Zeitels used a concept promoted by Dr. Judah Folkman of Harvard Medical School, who posited that physicians could destroy tumors by stopping angiogenesis, the process whereby they create new blood vessels on which they feed. Zeitels argued that pulses of laser light could destroy the tumors and their blood vessels without significantly burning the vocal cords themselves, or leaving scars that could damage the vibration necessary for voice.

“Any cell in the body can become cancer,” Gallivan told The Healthcare News, “but it’s still a part of you. And cancer only lives as well as its blood supply. If you can interrupt the blood supply to the cancer without killing off normal tissue, that’s what you want to do — and that’s the way the pulse KTP laser works.”

Zeitels treated Ward successfully; his tumors eventually disappeared, and his voice regained most of its strength. Zeitels later reported the results of 22 more procedures, announcing that every patient was cancer-free for at least two years following the laser treatment, without removal of vocal cords or loss of voice quality.

At the same time, Gallivan learned the procedure working with his mentor, and brought it to Mercy. They remain, as far as Gallivan knows, the only two surgeons in Massachusetts using the KTP laser to treat laryngeal cancer.

Catching the Wave

The catch, of course, is that the cancer must not be too advanced to be treatable with the KTP laser, which means it needs to be detected early. For that, Gallivan relies on a diagnostic tool called — get ready — a strobovideolaryngoscope. It’s basically what it sounds like: a strobe light and video camera that’s sent into the larynx via the mouth or nasal cavity.

Once there, it measures the rippling mucus.

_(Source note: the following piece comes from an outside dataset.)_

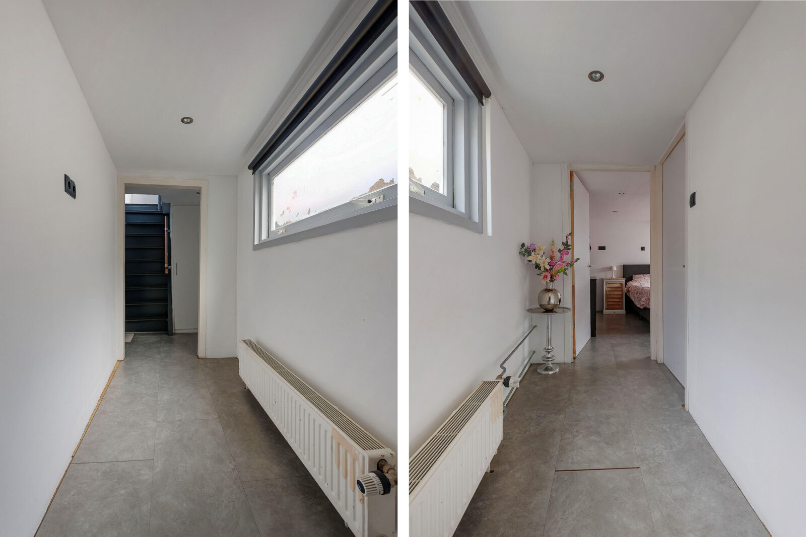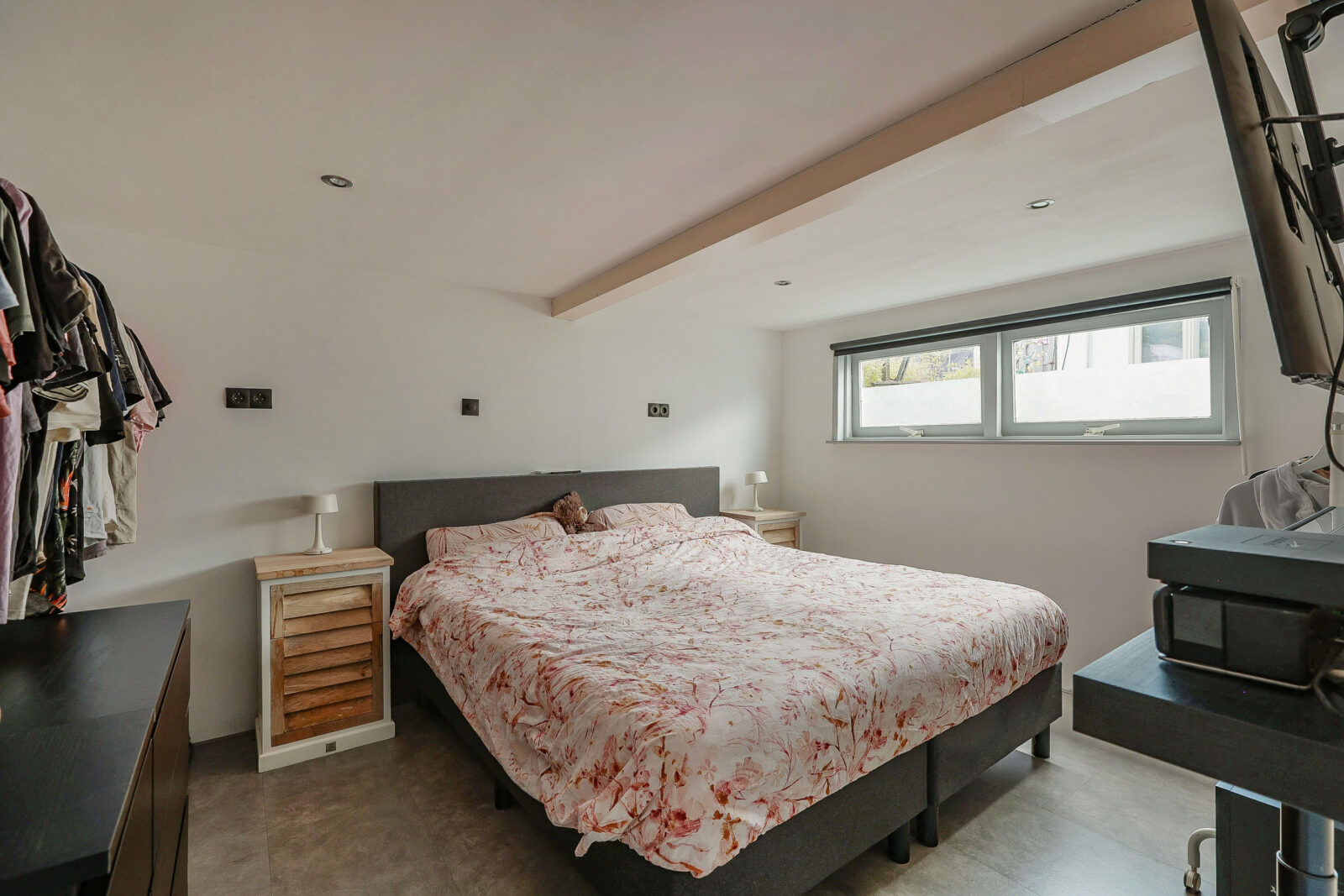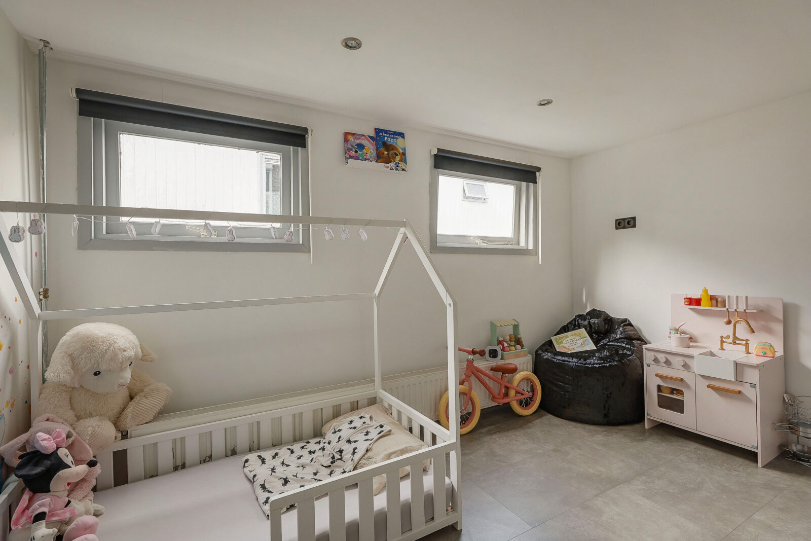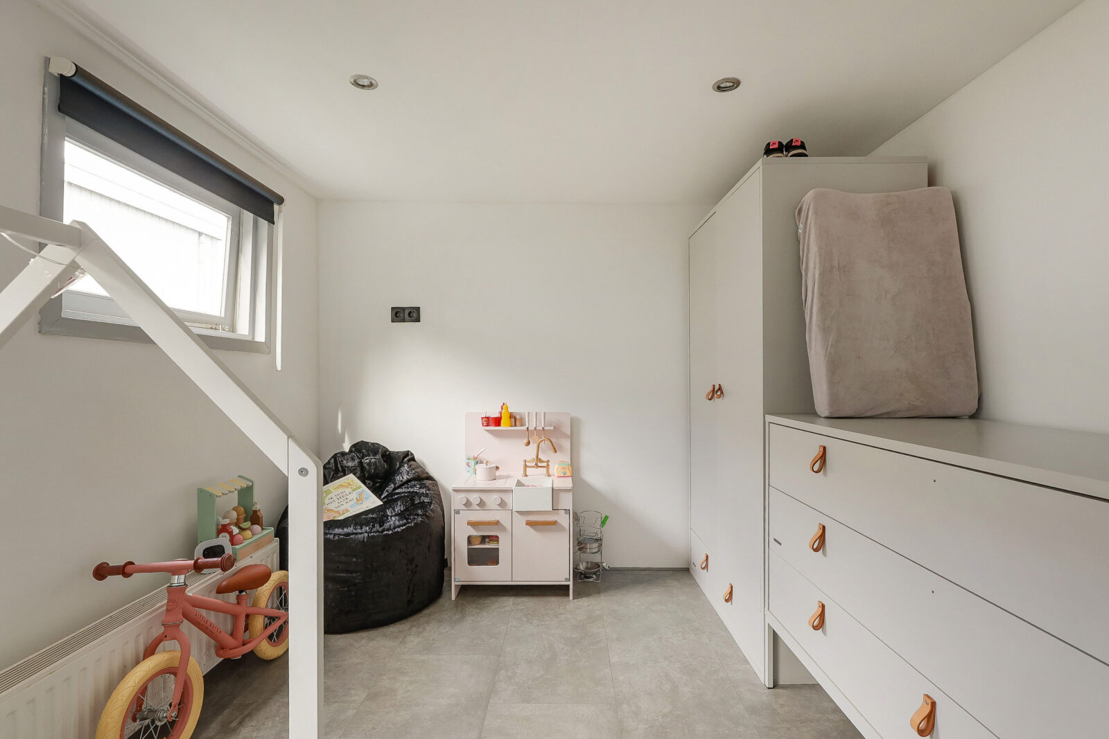 Een verdieping lager bevinden zich twee slaapkamers, bereikbaar via een lichte gang met lang horizontaal raam. De hoofdslaapkamer is royaal en sfeervol, de tweede kamer is momenteel ingericht als kinderkamer met speelhoek, maar kan net zo goed dienstdoen als werk- of logeerkamer.

“The surface of the larynx is covered with mucus, which is like waves when the air puffs through,” he said. “We can see whether the waves are stiffening on one side or there’s an absence of mucosal waves. Maybe we’re not seeing nice, rhythmic, symmetrical waves, like an ocean. It’s irregular in some way, even though we don’t necessarily see an obvious growth.”

The idea, then, is to notice the slight changes in one’s voice that would trigger a trip to the doctor. Gallivan — who is trained in airway reconstructive surgery but is also a voice specialist — might order up the laryngoscope.

“There might be harshness, scratchiness, ‘I just don’t sound like myself today,’” he said. “Singers and actors notice this, but other professional voice users often don’t think about it — people like schoolteachers, radio and TV personalities, telemarketers, and business people who give lectures … anyone who has to be able to talk to work.”

Thanks to an innovative laser treatment, more people are keeping that voice strong.